Think long and hard before taking on debt to pay for your child’s college education. Those loans could come back to haunt you in your retirement years.
A look at new data from two reports suggests that many aging baby boomer parents are having trouble paying back federal student loans taken out to send their children or even grandchildren to college.
As a result, many adults age 50 and older who had the best intentions of taking on the college tuition burden for family members have jeopardized their retirement nest eggs. Add credit card debt and mortgage payments to the credit list and the unintended consequences could be severe.
Instead of light work and leisure time, many older adults may be dealing with damaged credit ratings and lower monthly Social Security benefits checks as the government deducts an amount off the top to recoup some of the balance owed on federal PLUS loans to parents.
In some cases, the road may lead to personal bankruptcy, although keep in mind student loan debt generally cannot be discharged in the courts.
What’s clear from the data, however, is that increasingly student loan debt is not just a young person’s problem.
According to data from the Federal Reserve Bank of New York’s latest report on household debt covering the second quarter of 2014, the number of Americans age 50 and older with outstanding student loans had almost tripled to 2 million since 2005.
The report also said the debt among older people is up substantially to $43 billion through the second quarter from $8 billion in 2005.
The debt, which is a small percentage of the more than $1 trillion in student loan debt outstanding, was either from long-ago loans taken out by people to finance their own educations or more recently to pay for college degrees for their children or grandchildren.
The Government Accountability Office also released a report in September that looked at the impact of student loan debt on older Americans. It relied on slightly different data than the New York Fed.
The GAO report said that 27 percent of the outstanding balances on federal loans were held by adults ages 50 to 64 who financed college for their children. The remaining 73 percent of the outstanding balances financed the borrower’s own education.
But taken together, the default rate among borrowers in this age group who had missed payments was 19 percent versus 12 percent for those ages 25 to 49.

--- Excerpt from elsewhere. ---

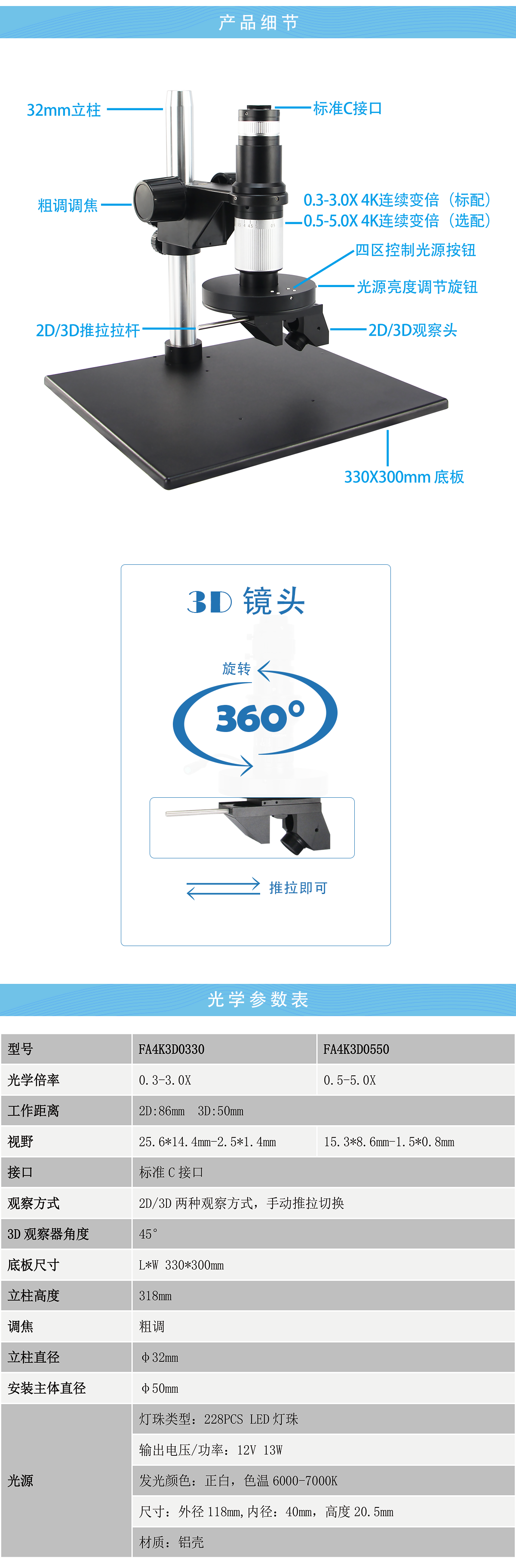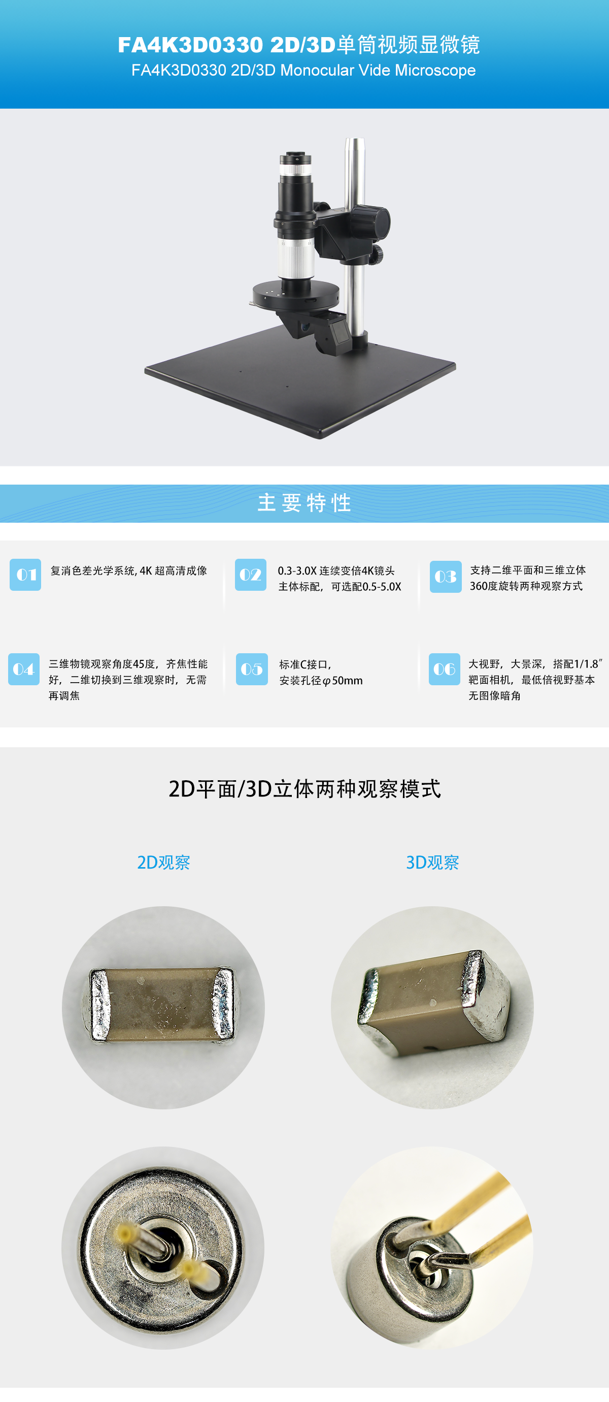 • FA4K3D0330 2D/3D单筒视频显微镜

In addition, 27 percent of loans held by those ages 65 to 74 were in default, and more than half of the student loans held by borrowers 75 or older were in trouble, the GAO said. The data did not break out the purpose for the borrowing.

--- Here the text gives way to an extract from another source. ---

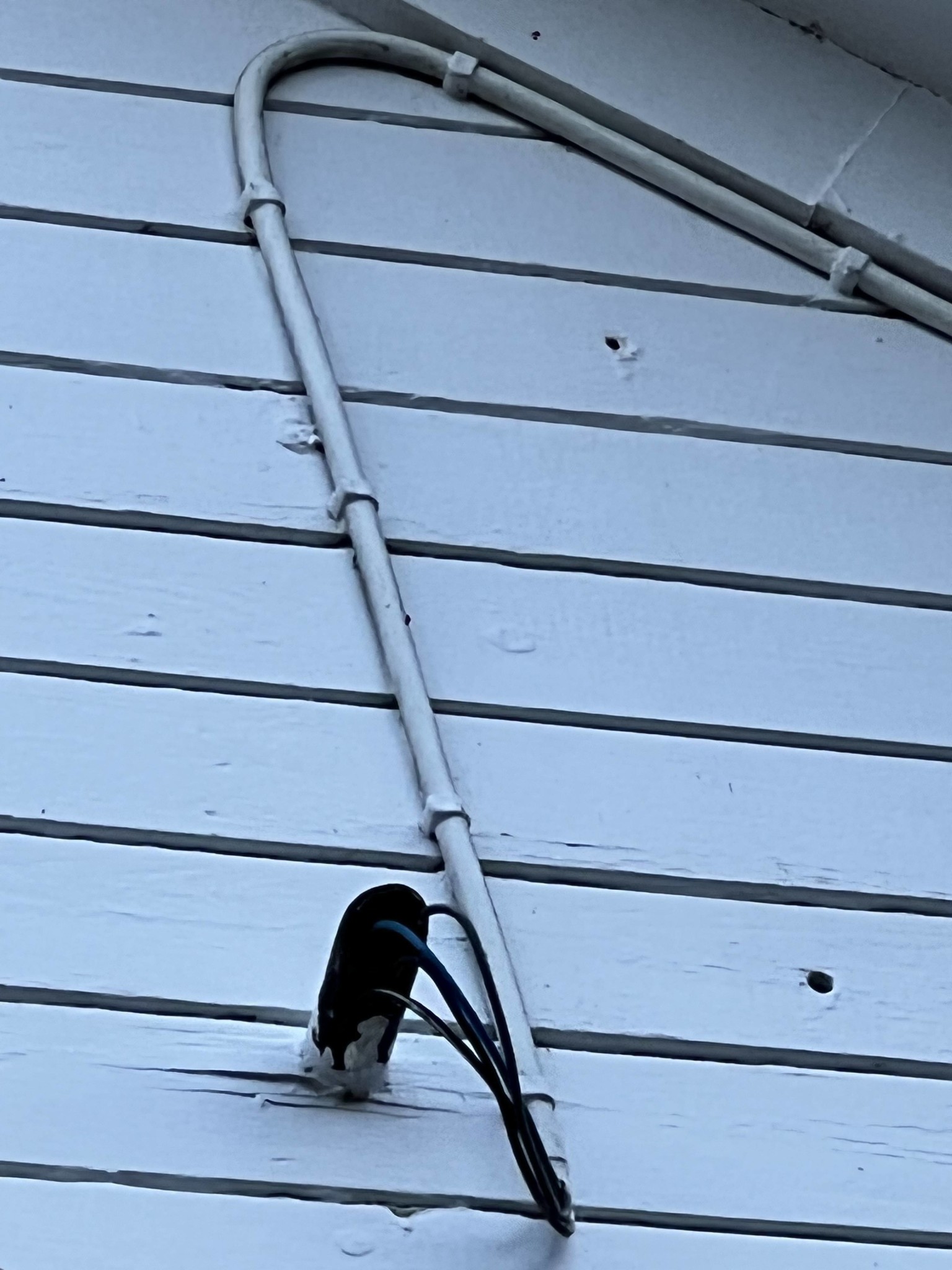 Antar att man gått från luftledning till nedgrävd matning, men känns som man skalat lite väl långt och dragavlastningen kanske sådär

What’s the message for parents?
It’s natural to want to shoulder some of the college debt load for your student. But don’t put your retirement savings at risk either, experts say.

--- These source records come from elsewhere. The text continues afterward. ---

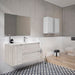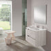 Mueble de baño suspendido con dos cajones y una puerta de la serie BOX de Visobath. Acabado laminado natural abedul.
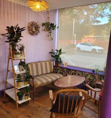Where flowers meet coffee in cozy harmony.
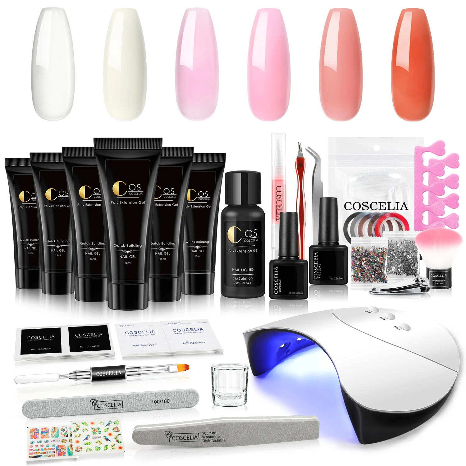 Набор инструментов для наращивания гель-лака COSCELIA Poly набор гелей для ногтей с УФ-лампой, лак для ногтей

Compared to college grads in their 20s and 30s, older borrowers have less time to pay back loans if they get behind.
It’s like the flight attendant telling you to put your own oxygen mask on first before tending to the kids.
Before taking out a college loan, consider the “what if” scenarios and have a plan in mind for how long you’ll take to repay the debt. Mark Kantrowitz, the publisher of the Edvisors.com higher education webiste, offered this formula: “Parents should borrow no more for all their children than they can afford to repay in 10 years, or by the time they retire, whichever comes first.”